But there are programs that currently rely on it.
I think we've come against the issue of how programs that rely on the
old working behavior versus how many rely on the old buggy behavior.

And I bet we can't know how many there are in either camp, let alone
try to balance them.
Post by Karl Williamson
I therefore think there needs to be a new one-line construct to
enable it, something like 'use re "full_folding"'. It is
awfully late in the development cycle to be introducing
something like this,
I agree.
Post by Karl Williamson
but I don't see any alternative.
Isn't the alternative shipping 5.14.0 as is, then taking our time to
introduce new flags for 5.14.1? I don't like rushing out changes after
the horse has left the gate, so to speak. How horrible would that be?

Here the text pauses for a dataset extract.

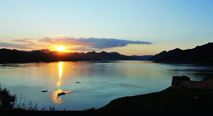 塞外蟠龍湖旅游風(fēng)景區(qū)(潘家口水庫)位于承德市寬城滿族自治縣西部,距寬城縣城25公里,距承德市區(qū)135公里。她是一個由10萬畝水域,150平方公里的生態(tài)山場和明代長城景觀組成的風(fēng)景區(qū)。是因國家重點“引灤入津”水利樞紐工程--潘家口水庫的建成蓄水而形成的人工湖。因空中鳥瞰湖面恰似一條巨龍婉蜒游動而得名。塞外蟠龍湖是鑲嵌在燕山深處、長城腳下的一顆燦爛明珠,也是承秦朝陽旅游線上的一段“黃金水道”,它集人文景觀與自然景觀于一體。來到景區(qū),自湖邊入口登船,緩緩前行,好一派江南水鄉(xiāng)風(fēng)光。小蓬萊島有如仙境,若隱若現(xiàn);蛤蟆石、烏龜島時起時伏;一線天、蟠龍洞、十里畫廊鬼斧神工,如在畫中游。山一重,水一重,柳暗又花明。版權(quán)所有山東聊城聊之旅國際旅行社有限公司,轉(zhuǎn)載必究!聞名天下的潘家口水上長城和喜峰口水下長城雄偉而壯觀。古老的灤河水擁關(guān)漫隘,紫塞青峰倒映水中,湖光山色交相輝映。喜峰口水下長城是景區(qū)的精典之作,長城主體部分淹沒水下,僅有局部關(guān)城露出水面,淹沒水下的部分墻體隱約可見。長城沿關(guān)城東西兩側(cè)出水往山脊延伸,這在長城人文景觀中可謂獨具特色。這里有歷代詩文碑林,有喜峰口來歷的動人傳說,有姜文執(zhí)導(dǎo)并主演的電影《鬼子來了》外景基地。原汁原味的長城風(fēng)貌,使這里成為一個開放式的長城博物館。這里的長城使您每到一處都能觸摸到千年歷史,遙想當(dāng)年金戈鐵馬,鼙鼓滄桑,低吟一首《飲馬長城窟行》;目光搜尋著城墻的道道彈痕,耳畔響起抗日炮火的轟鳴,一曲雄壯的《大刀進行曲》引您穿越時空,領(lǐng)略當(dāng)年長城抗戰(zhàn)大刀隊勇士們的風(fēng)采,民族精神,中華之魂令人振奮不已。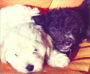 La "malvada" Elsa y Maratón "Los adopté hace algunas semanas y son unas bestias: se llaman Elsa y Maratón. Elsa sabemos por qué: es la más mala de todas, jajaja", cuenta Pablo Illanes, so puso a una de sus mascotas el nombre del personaje central de "Perdona nuestros pecados". El guionista de la teleserie dice que hace un tiempo que no tenía animales domésticos. "Hace rato que no tenía, porque se me murió un perro hace cinco años atrás y fue súper triste. Pero ahora sí se dio". Illanes explica que un amigo les regaló los perritos porque no podía quedarse con ellos: "Son hermanos. Semi-poodle. Eran tres en la camada y me quería llevar sólo a uno, pero al final me dio pena porque los íbamos a tener que separar y ha sido súper bueno porque se entretienen juntos y se comen los libretos de la teleserie".

How else would we get the time to consider this fully?
Post by Karl Williamson
I can have it implemented in a few (2-3) days; I can see us
flailing around for that long just discussing other
alternatives.
Perhaps there may be a couple possible alternatives:

use re "full_folding";
no re "full_folding";

use re "simple_folding";
no re "simple_folding";

I momentarily considered whether this should be something like a
unicode_case flag, but decided against it. Although supports
such, with a warning in the docs that there may be a performance
penalty, ICU does not, since everything is supposed to be Unicode
there anyway.

Thanks, Karl. Have you submitted feedback with both pros and cons?
I think today is the last day.

--tom
Tom Christiansen
2011-04-30 16:25:30 UTC
Permalink
I momentarily considered whether [THERE] should be something like a
unicode_case flag, but decided against it. Although [JAVA] supports
such, with a warning in the docs that there may be a performance
penalty, ICU does not, since everything is supposed to be Unicode
there anyway.
--tom
Jesse Vincent
2011-04-30 16:26:33 UTC
Permalink
Post by Tom Christiansen
Isn't the alternative shipping 5.14.0 as is, then taking our time to
introduce new flags for 5.14.1? I don't like rushing out changes after
the horse has left the gate, so to speak. How horrible would that be?
We'd be introducing the new flag for 5.16.0, not 5.14.1. But yes, that
is the other option I've just put to Karl on IRC.
Jesse Vincent
2011-04-30 16:37:09 UTC
Permalink
Post by Jesse Vincent
We'd be introducing the new flag for 5.16.0, not 5.14.1. But yes, that
is the other option I've just put to Karl on IRC.
Ok, that sounds safer.
What then is left to do for an RC2 on 5.14.0?
At this point, write out a comprehensive explanation of this breakage
and apropraite workarounds for the perldelta.
And are there any concrete plans regarding 5.14.1?
One month after we ship 5.14.0 with fixes for the catastrophic screwups
we don't catch before 5.14.0.

Best,
Jesse
thanks,
--tom
--
Karl Williamson
2011-04-30 18:41:27 UTC
Permalink
I really don't like the idea of breaking code like George found, for a
number of reasons.

So another tack to take is to make 5.14 no worse than 5.12.

The real problem area is in bracketed character classes. I think the
5.14 behavior is probably acceptable for everything else.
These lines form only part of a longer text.